Hi I’m trying to uprgrade to pymc5 in order to try out nutpie but am struggling to understand how to convert the model which used theano/aesera shared variables to the new pm.Data container. My model is something like this
age = data_df.age_num.astype(int).values
age_sh = shared(age)
n_age = len(set(age))
region = data_df.region
n_region = len(set(region))
observed_data = data_df.obs
def hierarchical_normal(name, shape, μ=0.0):
Δ = pm.Normal("Δ_{}".format(name), 0.0, 1, shape=(shape, 4)) # 4 is num parties
σ = pm.HalfCauchy("σ_{}".format(name), 1)
return pm.Deterministic(name, μ + Δ * σ)
with pm.Model() as model:
α_region = hierarchical_normal("state", n_region)
β0 = pm.Normal(
"β0",
0.0,
0.5,
shape=(1, 4),
)
η = β0 + α_age[age_sh ]
p = pm.math.softmax(η, axis=1)
obs = pm.Multinomial("O", n_, p, shape=(len(observed_data ), 4), observed=observed_data )
Currently this returns:
TypeError: TensorType does not support iteration. Maybe you are using builtins.sum instead of aesara.tensor.math.sum? (Maybe .max?)
Is there a simple way to make this work in pymc5? If not how should I write this using the pm.Data ?
Thanks
Rhys
Is that example complete?
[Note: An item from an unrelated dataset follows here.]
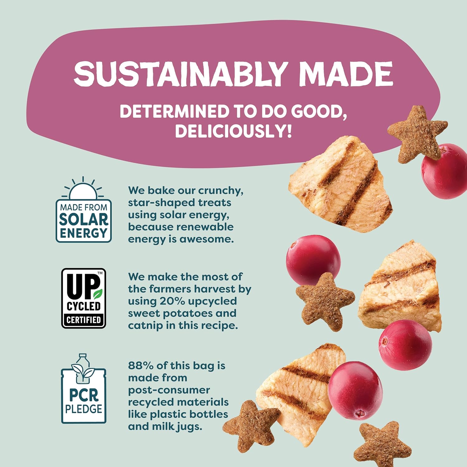 - Upcycled With Care: We work with farmers to rescue their imperfect sweet potatoes that have all the same healthy nutrients. This means every bag of our treats decreases food waste while saving valuable resources.

I don’t see where α_age
is defined and α_region
doesn’t seem to be used at all.
Yes sorry I’ve made a mistake when trying to make a minimal example, (I can’t seem to be able to edit the original post) the code should be
age = data_df.age_num.astype(int).values
age_sh = shared(age)
n_age = len(set(age))
region = data_df.region
region_sh = shared(region)
n_region = len(set(region))
observed_data = data_df.obs
def hierarchical_normal(name, shape, μ=0.0):
Δ = pm.Normal("Δ_{}".format(name), 0.0, 1, shape=(shape, 4)) # 4 is num parties
σ = pm.HalfCauchy("σ_{}".format(name), 1)
return pm.Deterministic(name, μ + Δ * σ)
with pm.Model() as model:
α_region = hierarchical_normal("state", n_region)
α_age = hierarchical_normal("age", n_age)
β0 = pm.Normal(
"β0",
0.0,
0.5,
shape=(1, 4),
)
η = β0 + α_age[age_sh ] + α_region[region_sh ]
p = pm.math.softmax(η, axis=1)
obs = pm.Multinomial("O", n_, p, shape=(len(observed_data ), 4), observed=observed_data )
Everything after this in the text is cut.